An iconic US conglomerate. A multinational healthcare and pharmaceutical giant. A Japanese technology titan. Three different corporate goliaths all came to the same conclusion last week: After decades of consolidation, their paths to future success lie in breaking into smaller pieces.
While M&A activity is at a record high in 2021, last week’s flurry of breakup announcements is a stark example of how corporations are adapting in other ways to shareholder demands, changing customer behaviors — some accelerated by the COVID-19 pandemic — and other factors. And we don’t expect General Electric, Johnson & Johnson and Toshiba to be the last companies to take the major step of splitting up. Here’s why.
- Nimble is increasingly necessary. The era of the conglomerate may not be over, but many corporations are realizing the potential advantages of a carve-out or spin-off. In some sectors, businesses may need more autonomy in response to shifting customer demands due to the pandemic or other factors. And while it may no longer be part of a larger enterprise, a spin-off still can pull substantial weight in its industry. When Pentair spun off its electrical division a few years ago, the stand-alone company was still on the top 50 list of mid-cap companies.
- Capabilities are under the microscope. Leveraging what a company does better than others helps differentiate it in the market, and zeroing in on industry-leading capabilities can reveal growth engines. Our research found that companies that did deals in which there was a capabilities fit between the buyer and target saw higher shareholder returns.

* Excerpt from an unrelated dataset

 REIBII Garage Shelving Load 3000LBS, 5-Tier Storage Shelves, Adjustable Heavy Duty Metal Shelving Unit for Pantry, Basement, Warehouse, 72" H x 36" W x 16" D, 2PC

- Shareholders want better results, and soon. Public companies have always had an obligation to deliver positive returns for investors, but the rise of shareholder activism has raised the stakes. Many investors who have consolidated shares in companies have gained more influence and often are willing to challenge traditional business strategies. Aggressive moves to reconfigure an enterprise could be applauded.

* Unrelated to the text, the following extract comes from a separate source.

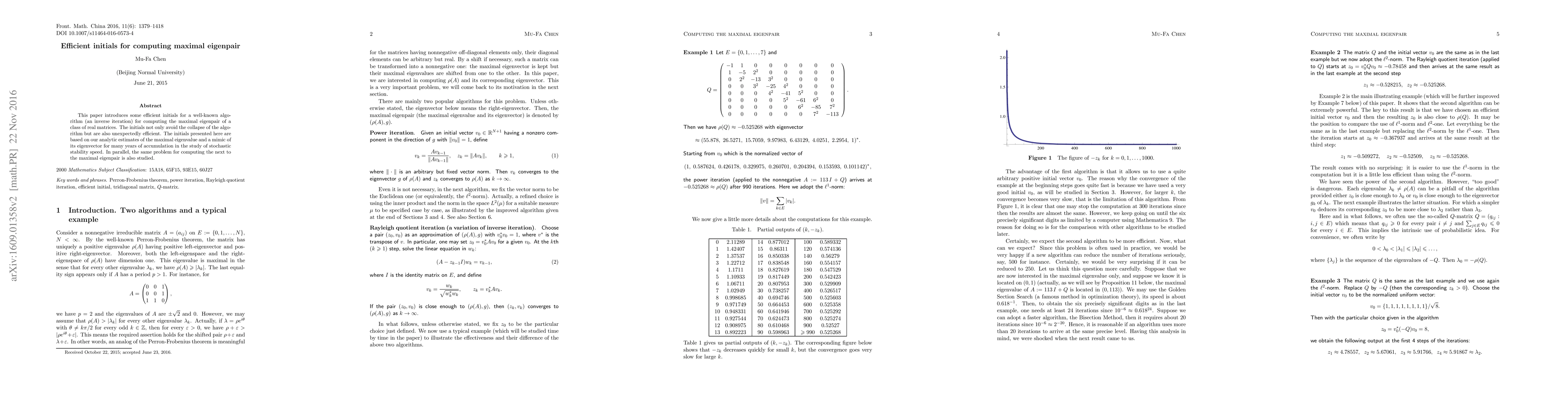 This paper introduces some efficient initials for a well-known algorithm (an inverse iteration) for computing the maximal eigenpair of a class of real matrices. The initials not only avoid the collapse of the algorithm but are also unexpectedly efficient. The initials presented here are based on our analytic estimates of the maximal eigenvalue and a mimic of its eigenvector for many years of accumulation in the study of stochastic stability speed. In parallel, the same problem for computing the next to the maximal eigenpair is also studied.

- The government is watching. From the Federal Trade Commission to the Department of Justice, the US government has escalated its scrutiny of some companies’ sizes and dominance within certain industries, such as technology. There’s no question that corporate consolidation has increased, and for many large companies — especially those that may want to acquire others in the years ahead — splitting up or slimming down could reduce attention from regulators.
- There’s a lot of money in the market. The Dow Jones Industrial Average, Nasdaq and S&P 500 are all up by double digits in 2021. A persistently healthy stock market could invite other companies to explore if separate businesses can capitalize on that enthusiasm. Or companies could take advantage of generally high valuations and consider selling a business to a corporate or private equity buyer.

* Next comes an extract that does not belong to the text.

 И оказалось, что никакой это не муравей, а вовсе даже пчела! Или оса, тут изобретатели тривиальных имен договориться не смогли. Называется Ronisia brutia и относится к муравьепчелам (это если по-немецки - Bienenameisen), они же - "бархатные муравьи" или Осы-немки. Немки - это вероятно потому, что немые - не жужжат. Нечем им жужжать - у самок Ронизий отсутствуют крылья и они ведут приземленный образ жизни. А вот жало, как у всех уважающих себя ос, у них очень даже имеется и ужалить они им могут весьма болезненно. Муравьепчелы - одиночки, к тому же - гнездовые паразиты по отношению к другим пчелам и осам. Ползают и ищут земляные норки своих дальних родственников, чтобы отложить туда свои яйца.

Given this environment, here’s what companies should be doing:
- Cast a critical eye on non-core businesses. For many large corporations, portfolio reviews should have started yesterday. Even if all businesses are performing well and generating solid revenue, today’s high valuations require a fresh look at what can help drive future growth — not just in light of financial and market opportunity but also with a focus on a coherent capabilities system. The returns from a strategic sale could help expand core businesses and/or accelerate new initiatives. Or a spin-off may make more sense, as the robust capital markets could reward new entrants that would be nimbler once separated from a parent company. Our analysts found that after tracking fairly closely for much of the past decade, corporate spin-offs have generally outperformed conglomerates in more recent years.
- Avoid rushing and protect value. The breakup boom may increase the itch to reinvent your company, and if a divestiture seems to make sense in your new strategy, invest the time to do it right. The same applies for a large-scale breakup. Failing to fully analyze and understand a business unit’s position — not just operations and finances but also market competitiveness and other external factors — can reduce its value. That just adds more complications to an already complex carve-out or spin-off process.
- Be ready to buy if the deal is right. While you and others try to decide if it’s time to sell or spin, assess your buying appetite. It’s rare for a large corporation to only acquire or only divest, and successful portfolio optimization involves considering all kinds of deals. One company’s decision to slim down could be another’s opportunity to scale up and bolster its position. As you confirm your core businesses and plot new growth paths, preserve your ability to pursue M&A during this breakup binge.
- Prepare for sector shifts. A business freed from a larger enterprise can alter an industry’s competitive dynamics. Anticipating possible spin-offs and carve-outs by peer companies and how you’ll adapt your own business models is crucial for keeping — and growing — your market share. Start planning for those scenarios now, before recent and potential breakup announcements turn into realities in the next few years.